> _Exercise details_: From the listing that follows, output everything exactly except the pictures.
[Opening Dataset content section]
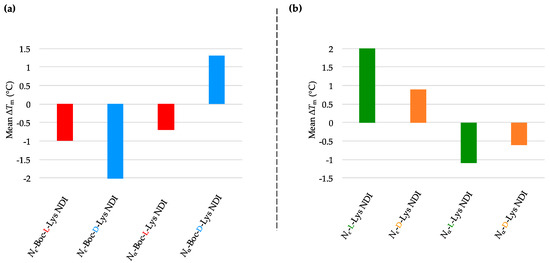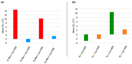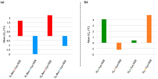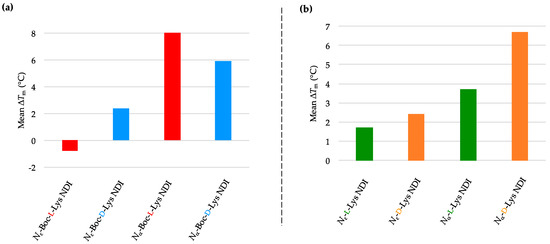 Graphical representations of mean ΔTm values obtained from VT CD studies of h-TELO with 10 equivalents of (a) Nα- and Nε-Boc-l- and d-NDIs as well as (b) Nα- and Nε-l- and d-NDIs.
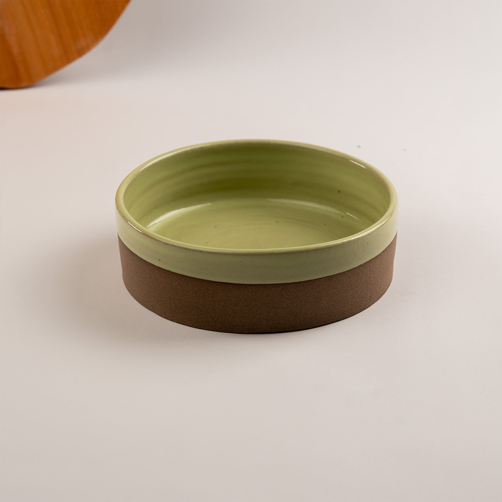 Travessa Redonda com borda reta em cerâmica artesanal, feita à mão com acabamento que deixa o esmalte aparente apenas até o meio externo da peça. Esse detalhe evidencia a textura natural da argila e cria contraste entre matéria crua e brilho do esmalte, valorizando o gesto manual e a estética rústico-elegante. Ideal para servir porções, saladas ou composições de centro de mesa com presença e personalidade.
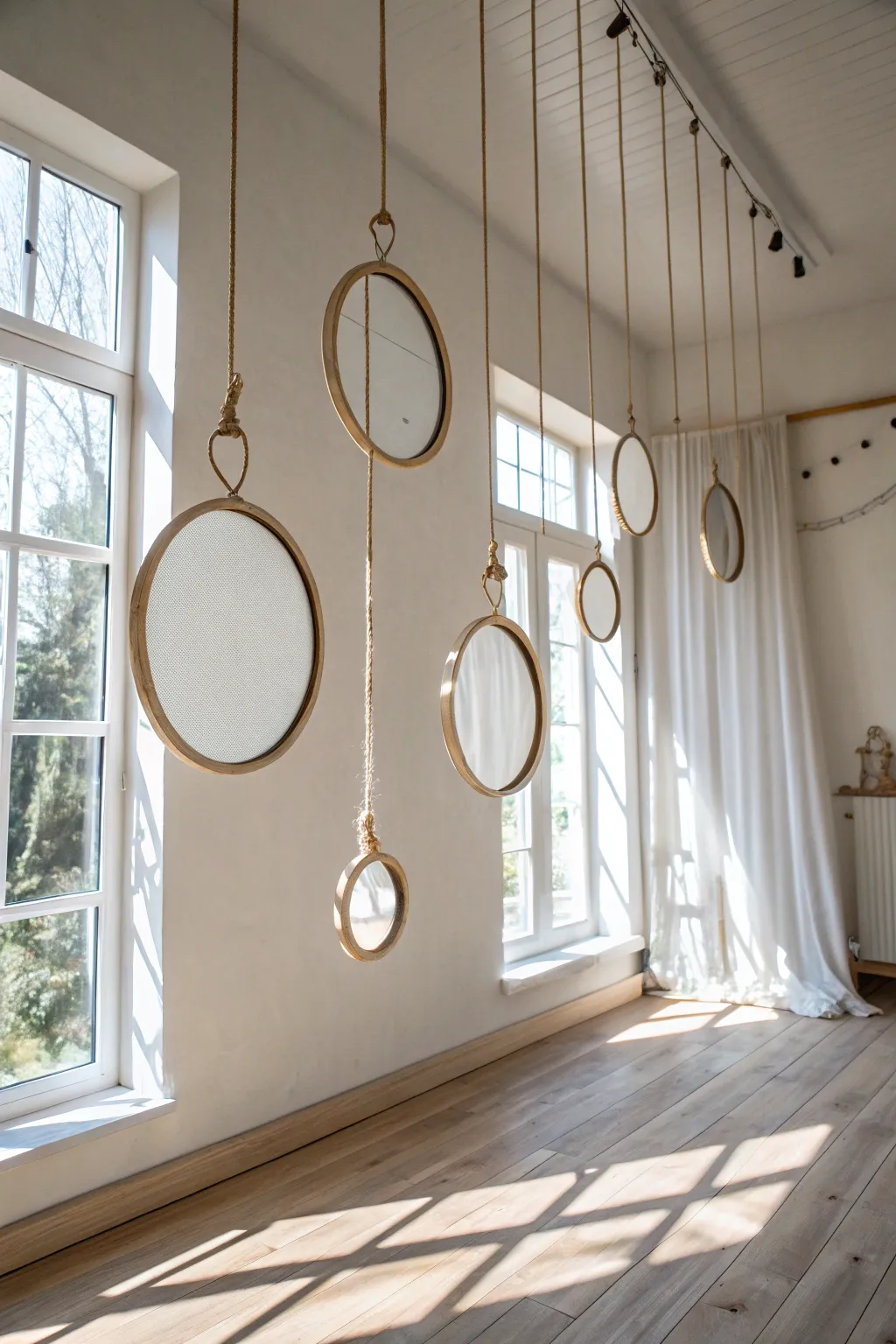 Transform your space with mystical suspended mirrors, adding light and elegance to any room.
[Closing Dataset content section]
> _Answer_:
 Graphical representations of mean ΔTm values obtained from VT CD studies of h-TELO with 10 equivalents of (a) Nα- and Nε-Boc-l- and d-NDIs as well as (b) Nα- and Nε-l- and d-NDIs.
 Travessa Redonda com borda reta em cerâmica artesanal, feita à mão com acabamento que deixa o esmalte aparente apenas até o meio externo da peça. Esse detalhe evidencia a textura natural da argila e cria contraste entre matéria crua e brilho do esmalte, valorizando o gesto manual e a estética rústico-elegante. Ideal para servir porções, saladas ou composições de centro de mesa com presença e personalidade.
 Transform your space with mystical suspended mirrors, adding light and elegance to any room.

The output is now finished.